One such painting is that of the ‘Celestial Woman beneath a Mango Tree’, an exquisite piece of art with its sublime antiquity awaits interpretation since its formation and continues unveiling the mysteries and social conventions as well as intricacies of 11th century India.
The painting, “Celestial Woman beneath the Mango Tree” is actually inspired from the sandstone sculptor at the Jain Temple situated in Madhya Pradesh or Southern Uttar Pradesh of India and the sculptor was made during the mid 9th Century.
This piece of art is an exquisite example of bracket art genre and was used to connect the pillar with the ceiling. Original structure of the temple contained four such art pieces giving an expression of joyous atmosphere putting their glance upon the devotees from four corners of the temple and gracing the minds of the devotees glancing upward with their auspicious presence.
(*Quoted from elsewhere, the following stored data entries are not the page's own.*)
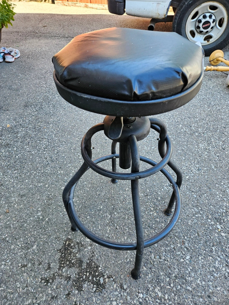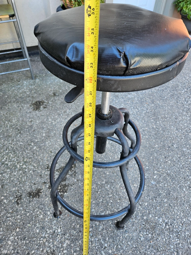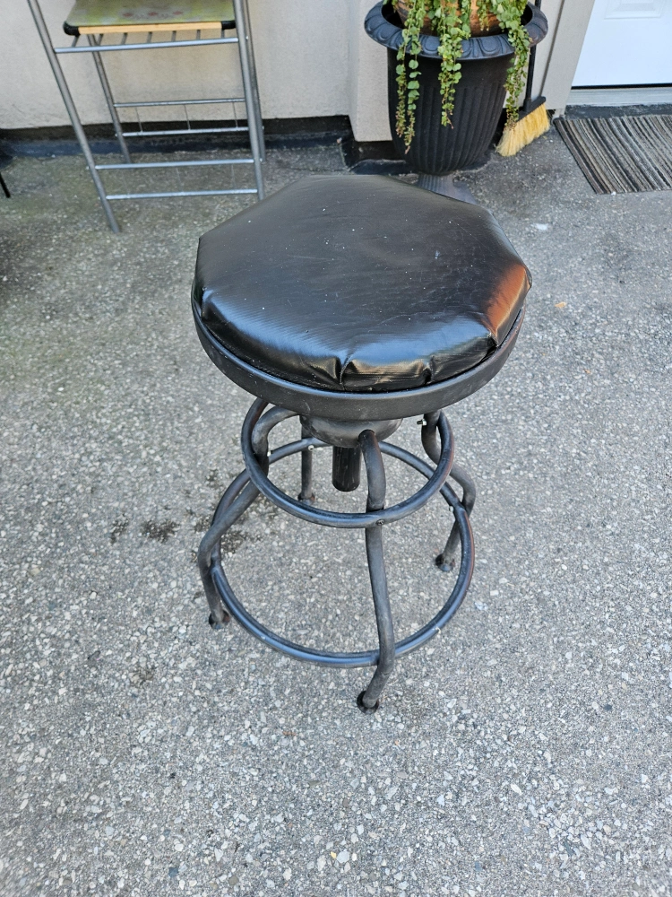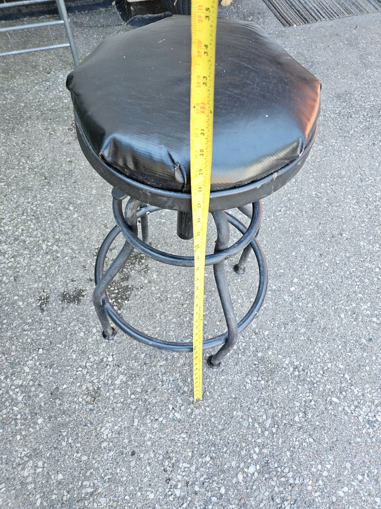 Selling a sturdy bar stool with an adjustable height feature, perfect for your kitchen or bar area. The seat is black and the frame is a dark colour. It shows some signs of wear, but is still in good, usable condition. The height can be adjusted from approximately 34 inches.
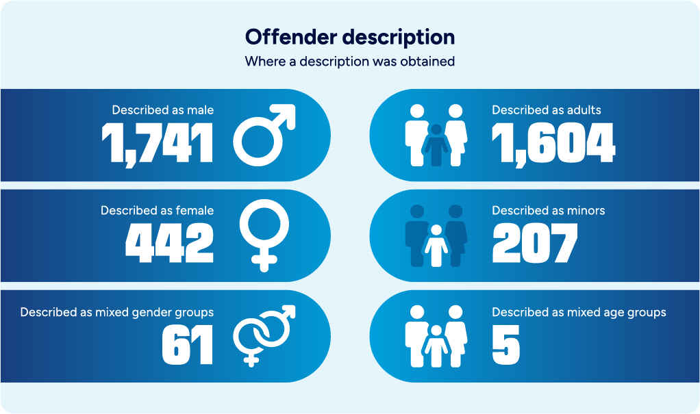 A description of the gender of the offender or offenders was provided to CST in 2,244 of the 3,700 antisemitic incidents recorded in 2025. Of these, the offenders were described as male in 1,741 incidents (78% of incidents where the offender’s gender was obtained); female in 442 incidents (19%); and mixed groups of males and females in 61 incidents (3%).
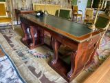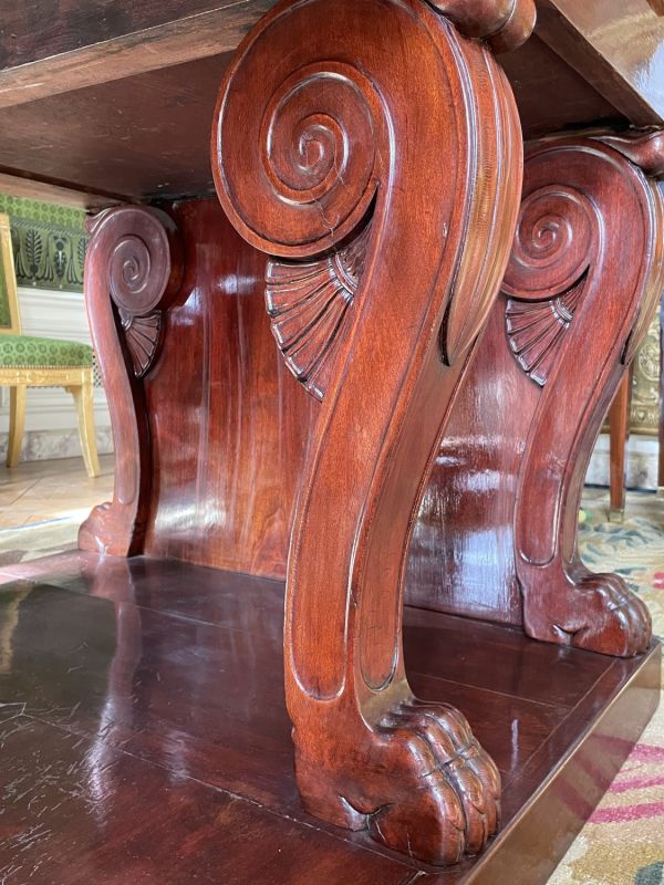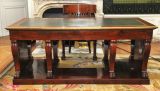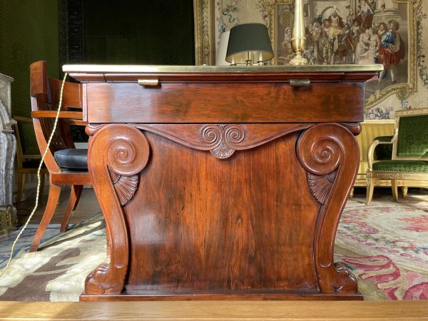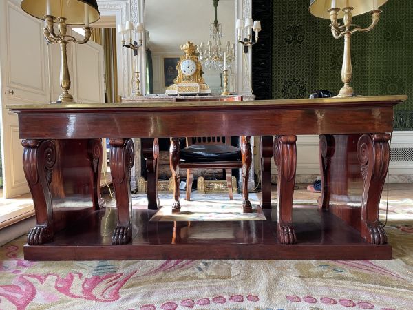 Socle uni rectiligne évidé au centre. 8 pieds en doucine (2 groupes de 4) sabot griffes de lion, sommet à rouleau sur palmettes fond creux face et côtés, terminé en volutes et feuille d'eau à rouleau. Ceinture unie, sur tablier de côté chantourné en double doucine à volutes sur palmette. Panneau latéral entre pieds 2 tiroirs saillants, traverse centrale évidée en doucine, entrée à filet. Corniche en doucine. Dessus saillant, gainé chèvre verte à vignettes comme les 2 tirettes en bout.

The divine lady is poised under a mango tree and ignorant about the monkeys perching on it. The lines of the masterpiece are bold and significant uses of the primary colours are evident. The dominant use of the blue colour with a shade of deep to light relates the picture to the celestial realm. The red fruits and yellow flowers are significant and act as a genuine eye-catcher. The motif of the painting is clear enough to support the voluptuous figurine and the ornaments and the features of the woman are distinct, sharp and also well bred amid the play of light and shade.
According to the ancient Indian myth and lore, the laughter and of a lady was held responsible for the blossom of mango. Here the deity evidently symbolizes fertility and in its iconic representation, the deity is symbolic to motherhood.